TASK DETAILS
Copying rule for the data below: pictures stay out, and only the lines from the one with "COOFANDY Mens Shiny" down to the one with "This explanation certainly", inclusive, are repeated exactly.

═════ DATA PROVIDED ═════

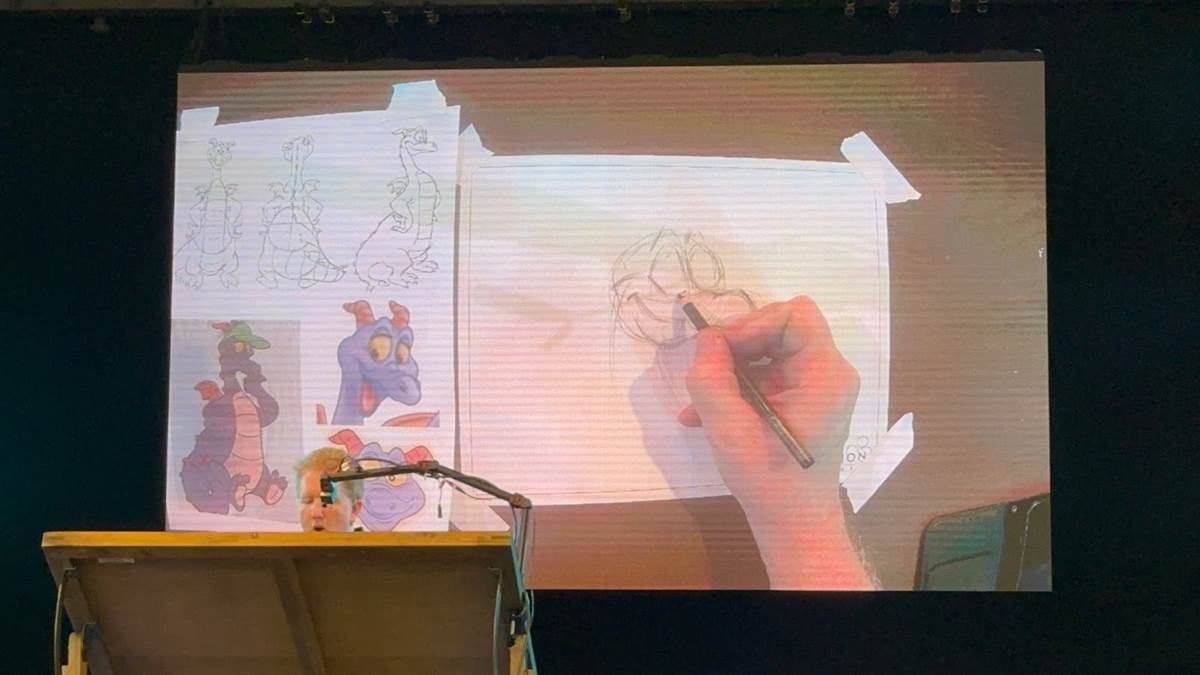 The experience takes place twice daily during the run of the festival, at 12:30 and 1:30 p.m. in the America Gardens Theater. During this session on the opening day of the 2024 festival, we got to learn how to draw Figment!
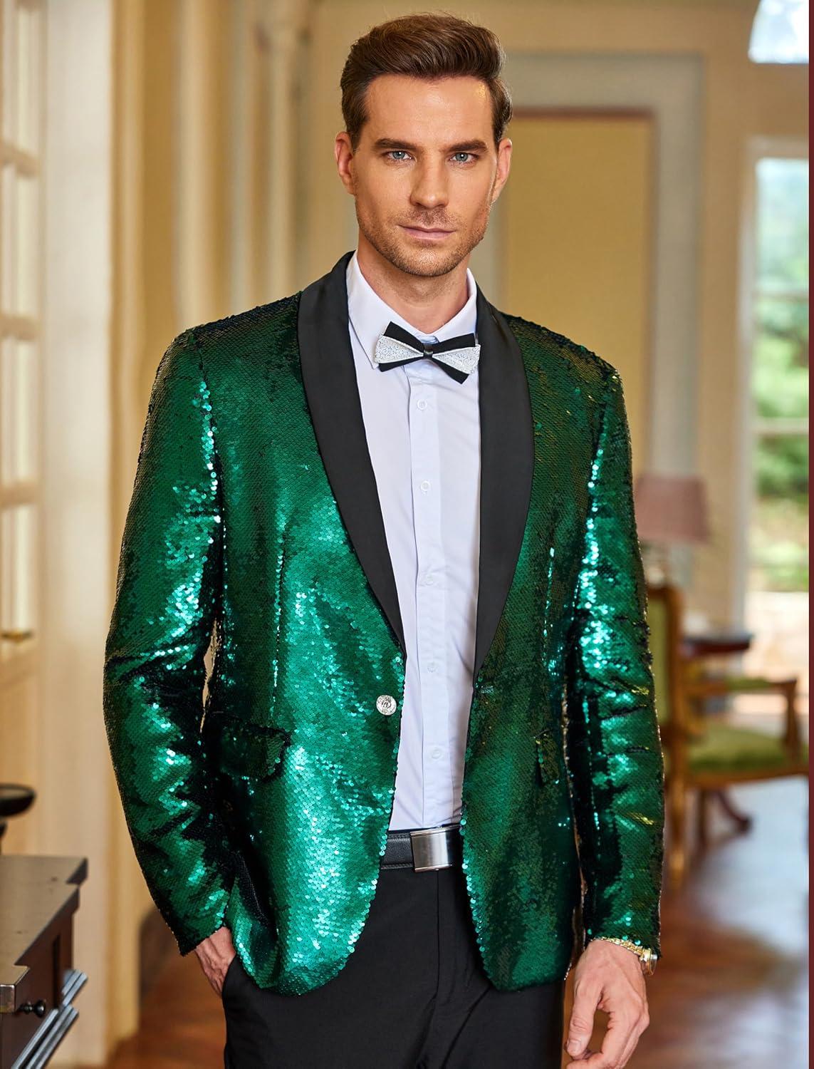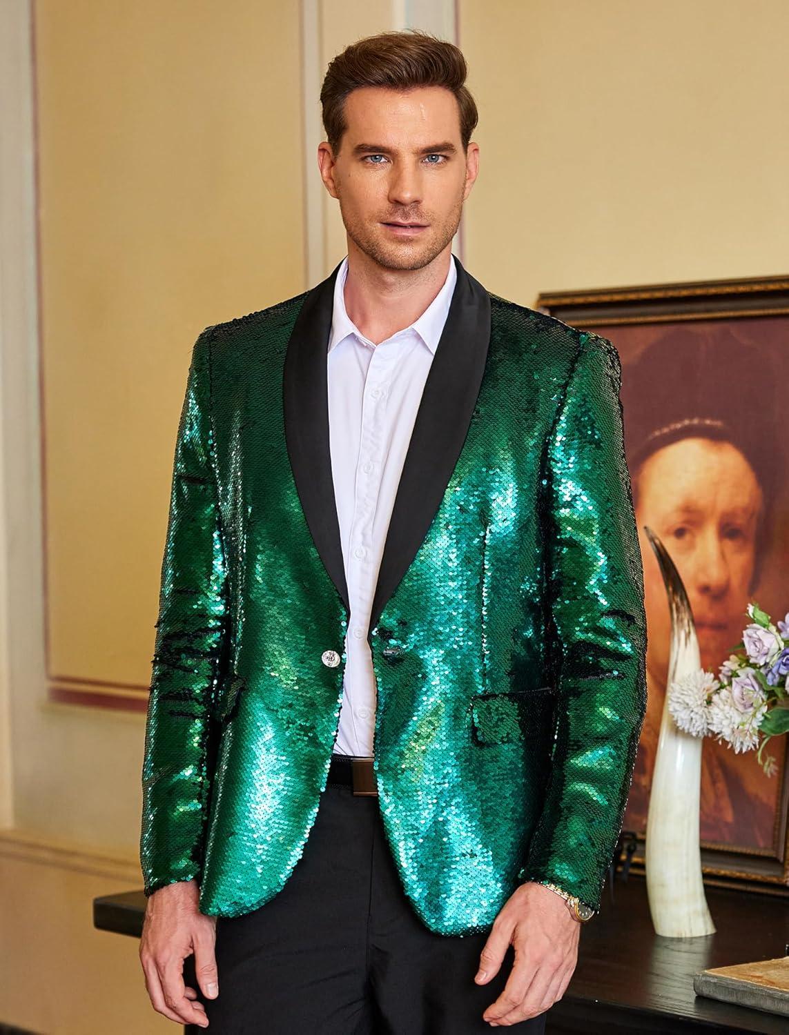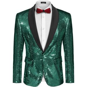 COOFANDY Mens Shiny Sequin Blazer Tuxedo Party Dinner Prom One Button Suit Jacket(Evergreen)
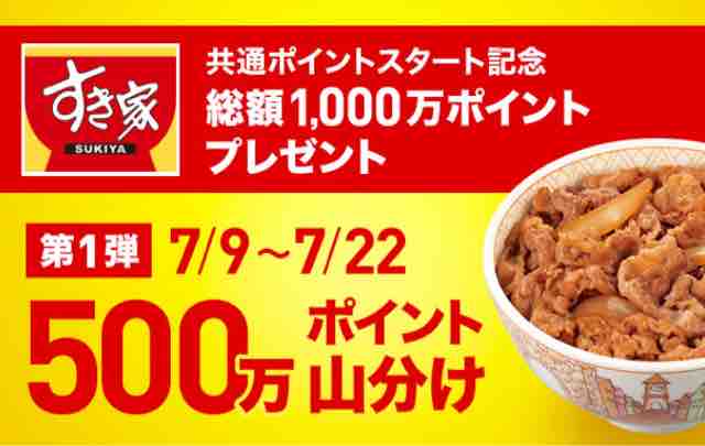 ゼンショーグループの牛丼チェーン店すき家で、共通ポイントサービス「楽天スーパーポイント」「Pontaポイント」「dポイント」が2019年7月上旬からスタートするのを記念して、第1弾、第2弾と分けてそれぞれ500万ポイント山分けキャンペーンを開催する。
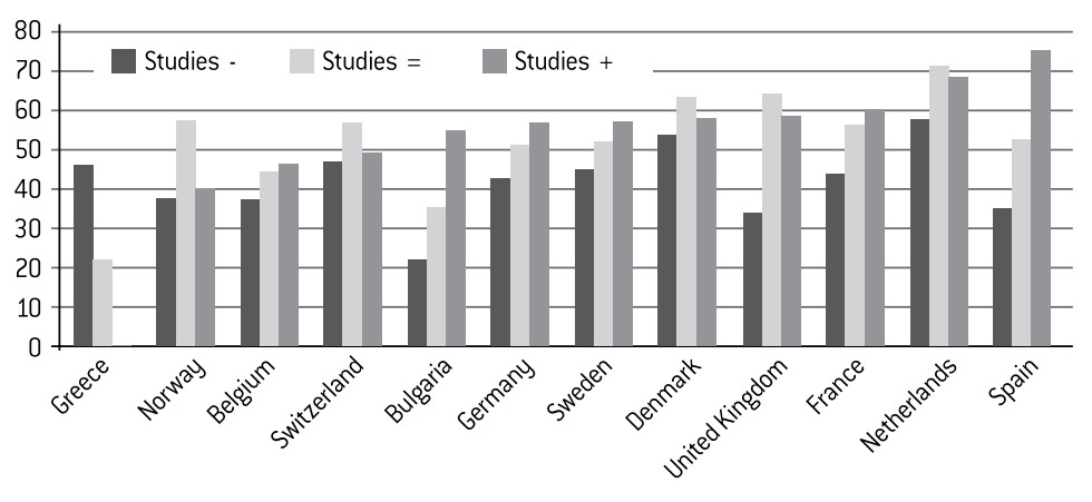 This explanation certainly contains an element of truth, since Muslims often come from modest backgrounds. However, the data still advises caution on this regard. The proportion of Muslims who declare themselves to be “very religious” varies slightly – and unevenly – depending on their social situation. This is the case if we look at levels of education (Graphic 12) but also levels of income. In at least half of the countries (Belgium, Sweden, France, United Kingdom, Spain, Germany), religiosity has practically no correlation with the level of studies. In particular, undertaking higher education does not automatically lead to a lower level of religiosity – far from it.
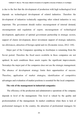 Gulbaniz T. Aliyeva: The issues related to formation of competitive structure of industry in Azerbaijan
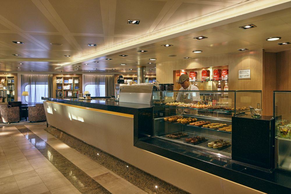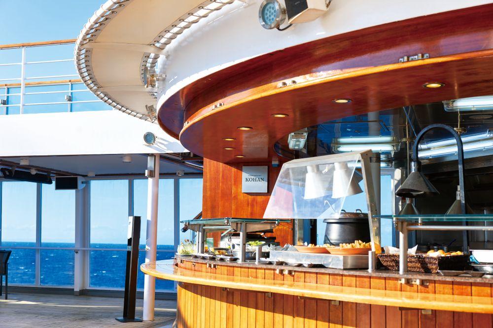 寄港地観光ツアー後にひと休みしたり、朝のコーヒータイムをゆっくり過ごしたり……と、何かと使い勝手のよいカフェスペース。今回の取材でも、MITSUI OCEAN スクエア内の図書コーナーで船や旅に関する書籍を読むときや、デッキ7後方のテラスでくつろぐときなど、クルーズ中は何度もカフェスペースを訪れて、心地よいひとときを過ごせた。
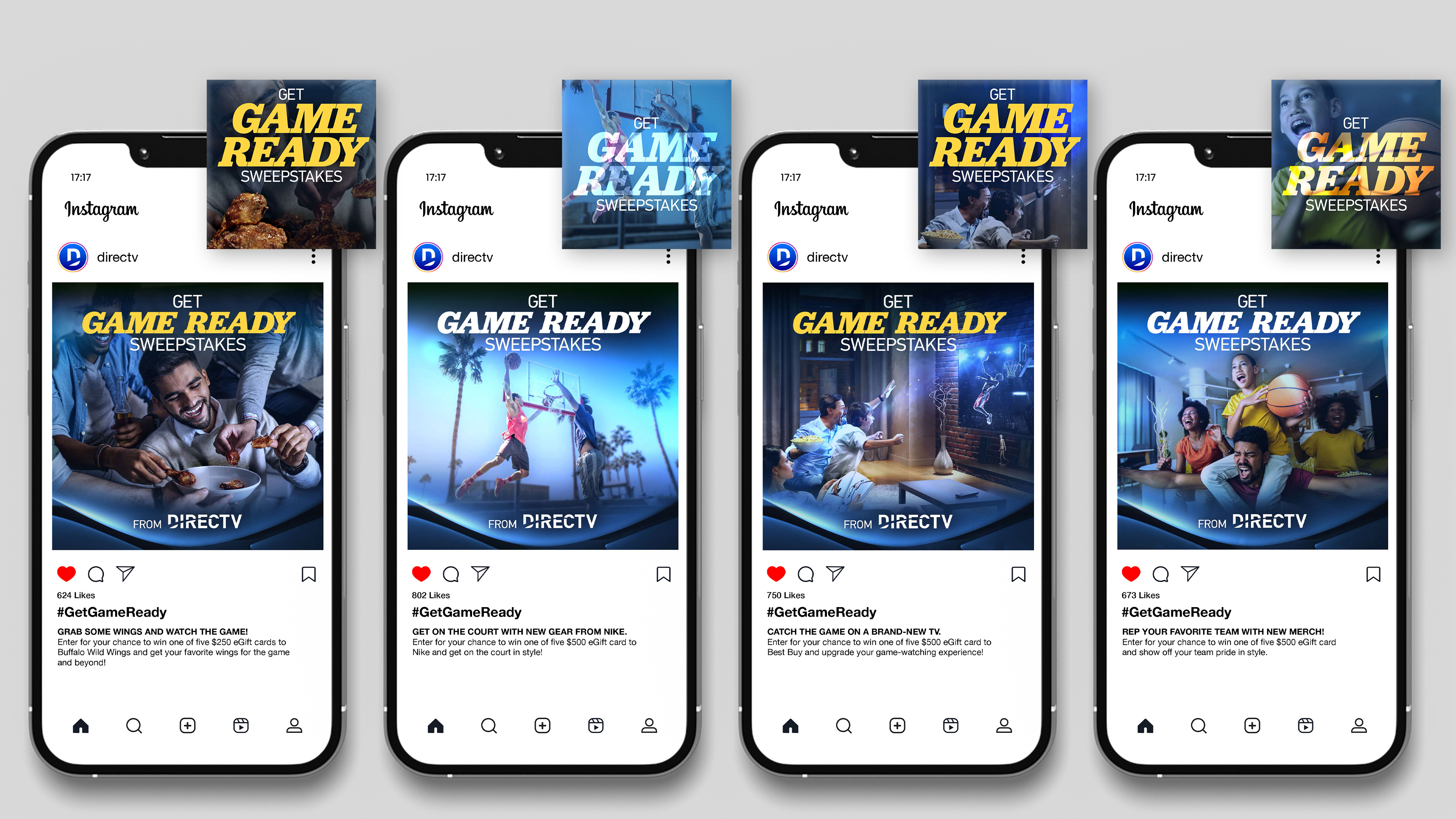 CONTEXT: The Story House collaborated with DirecTV to produce a series of engaging social sweepstakes campaigns. Through still and video posts, customers were encouraged to connect with the brand and participate in themed contests such as Best Summer Yet and Get Game Ready.
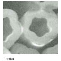 繊維の内部に空洞を持つ特殊な形状のポリエステル糸を使用。
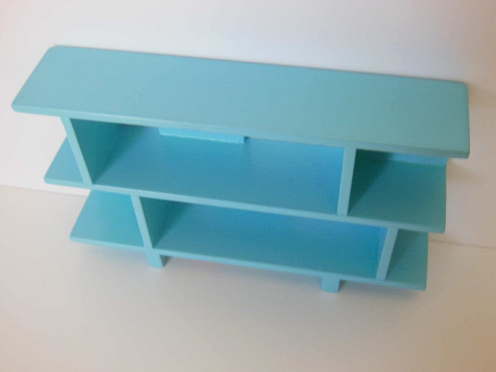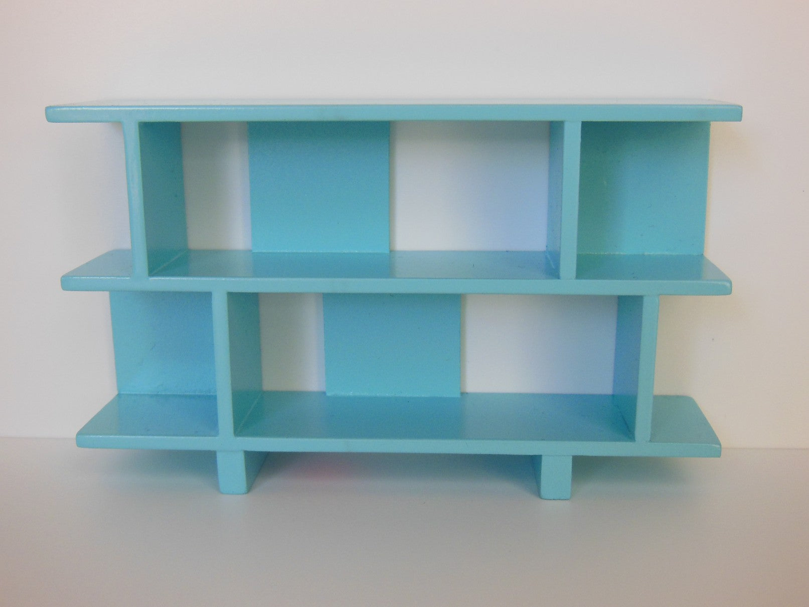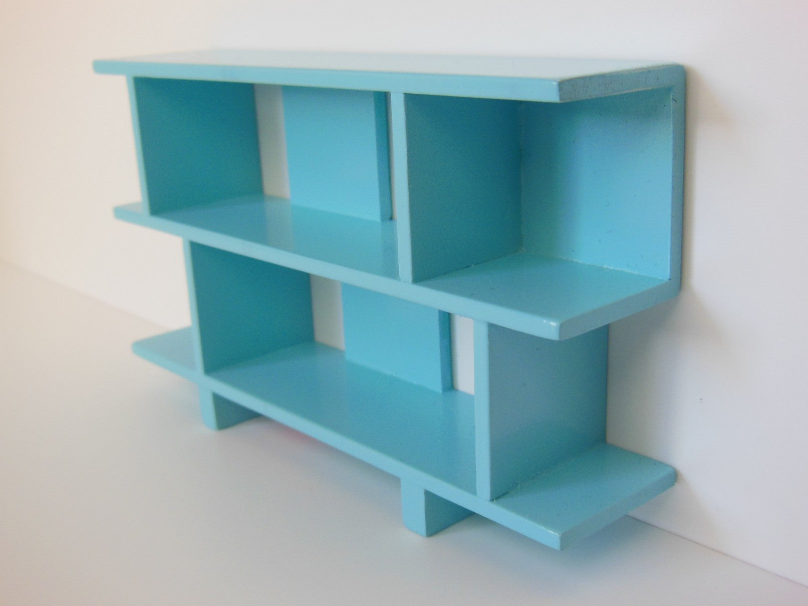 The Vendi 2-tier bookcase finished in bright white is a perfect accent to any room for displaying collections, books, etc. The random block panels create an interesting backdrop to the unit.
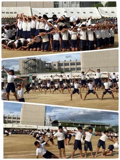 「軌跡〜One step leading to the future〜」は、ダンスと組体操が合わさった演技です。かっこよくもあり、かわいくもあり、6年生たちの堂々とした迫力ある姿に感動しました。
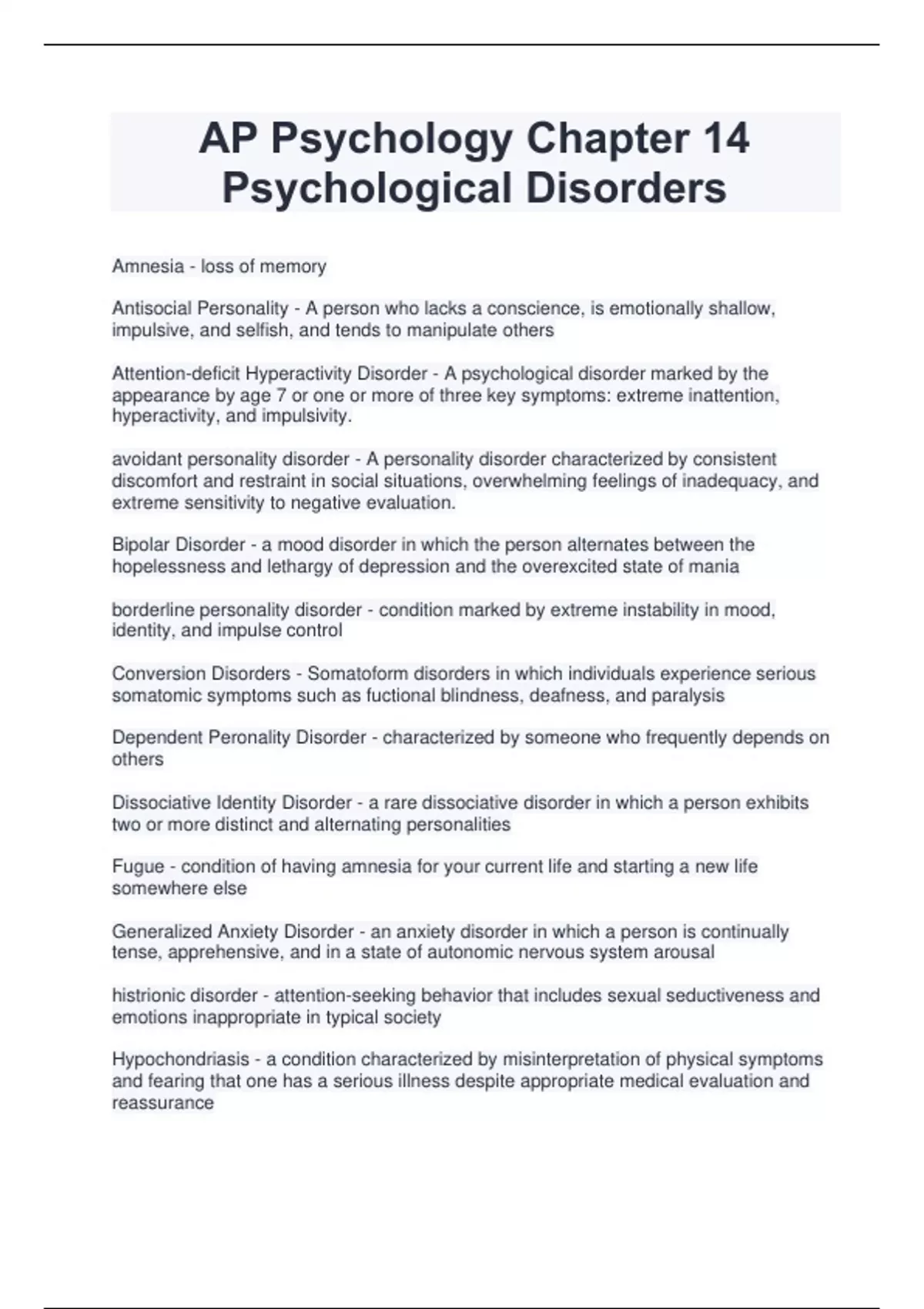 Amnesia - loss of memory Antisocial Personality - A person who lacks a conscience, is emotionally shallow, impulsive, and selfish, and tends to manipulate others Attention-deficit Hyperactivity Disorder - A psychological disorder marked by the appearance by age 7 or one or more of three key symptoms: extreme inattention, hyperactivity, and impulsivity. avoidant personality disorder - A personality disorder characterized by consistent discomfort and restraint in social situations, overwhelming feelings of inadequacy, and extreme sensitivity to negative evaluation. Bipolar Disorder - a mood disorder in which the person alternates between the hopelessness and lethargy of depression and the overexcited state of mania borderline personality disorder - condition marked by extreme instability in mood, identity, and impulse control Conversion Disorders - Somatoform disorders in which individuals experience serious somatomic symptoms such as fuctional blindness, deafness, and paralysis Dependent Peronality Disorder - characterized by someone who frequently depends on others Dissociative Identity Disorder - a rare dissociative disorder in which a person exhibits two or more distinct and alternating personalities Fugue - condition of having amnesia for your current life and starting a new life somewhere else Generalized Anxiety Disorder - an anxiety disorder in which a person is continually tense, apprehensive, and in a state of autonomic nervous system arousal histrionic disorder - attention-seeking behavior that includes sexual seductiveness and emotions inappropriate in typical society Hypochondriasis - a condition characterized by misinterpretation of physical symptoms and fearing that one has a serious illness despite appropriate medical evaluation and reassuranc
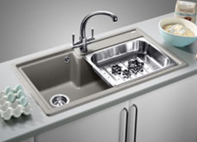 Decription: With 3½" basket strainer waste and overflow Bowl depth: 210mm Cabinet width minimum: 90cm Cut out size: 840 x 480 x 15R Sink Pack Price Includes BlancoCleo Tap
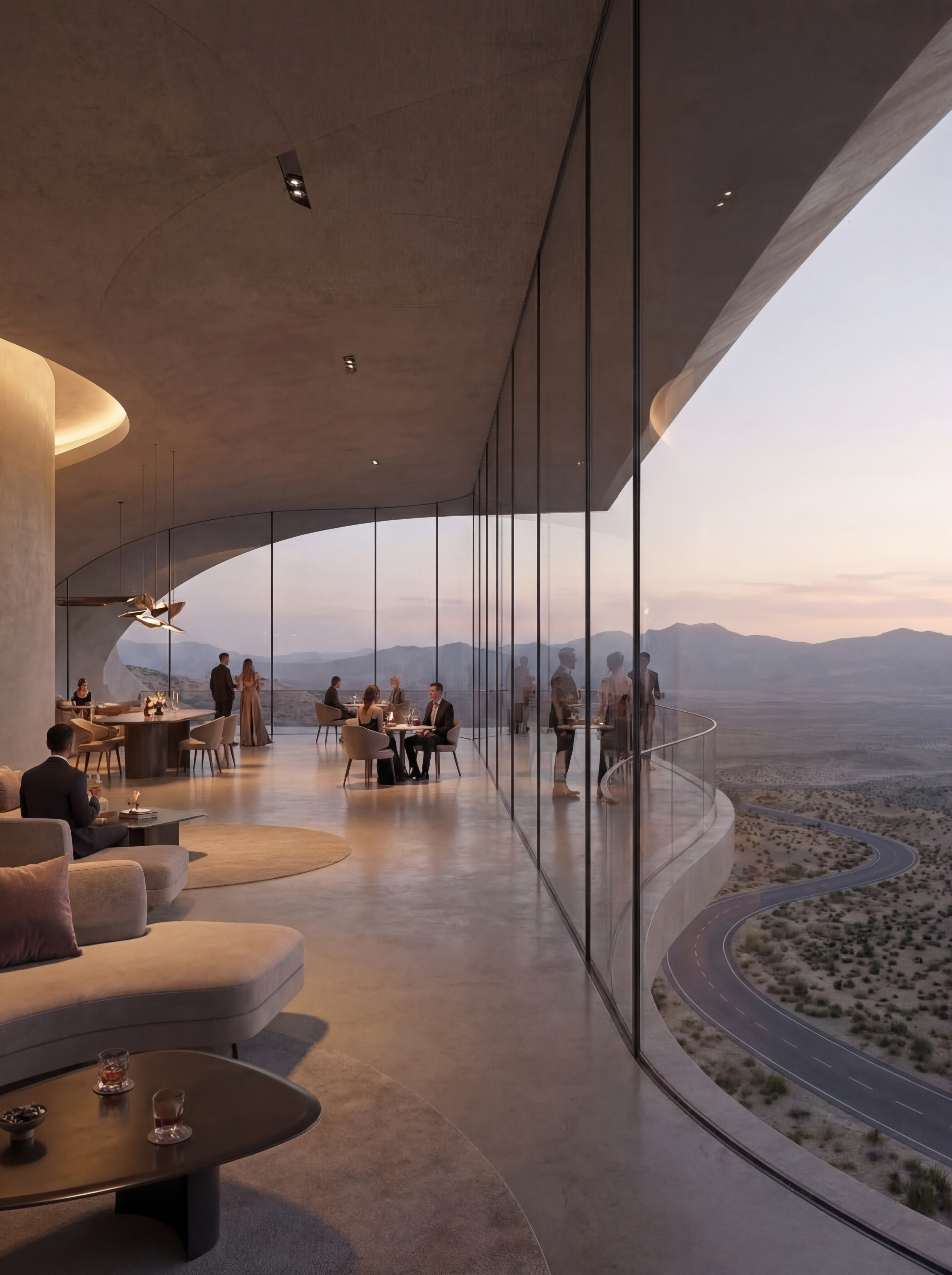 A cliff‑edge event pavilion carved from concrete and glass, The Horizon Promontory offers an immersive perch above the desert: an elevated sequence of dining, gathering, and viewing spaces that extend the landscape out into the sky.

═════

RESPONSE TO THIS EXERCISE
 COOFANDY Mens Shiny Sequin Blazer Tuxedo Party Dinner Prom One Button Suit Jacket(Evergreen)
 ゼンショーグループの牛丼チェーン店すき家で、共通ポイントサービス「楽天スーパーポイント」「Pontaポイント」「dポイント」が2019年7月上旬からスタートするのを記念して、第1弾、第2弾と分けてそれぞれ500万ポイント山分けキャンペーンを開催する。
 This explanation certainly contains an element of truth, since Muslims often come from modest backgrounds. However, the data still advises caution on this regard. The proportion of Muslims who declare themselves to be “very religious” varies slightly – and unevenly – depending on their social situation. This is the case if we look at levels of education (Graphic 12) but also levels of income. In at least half of the countries (Belgium, Sweden, France, United Kingdom, Spain, Germany), religiosity has practically no correlation with the level of studies. In particular, undertaking higher education does not automatically lead to a lower level of religiosity – far from it.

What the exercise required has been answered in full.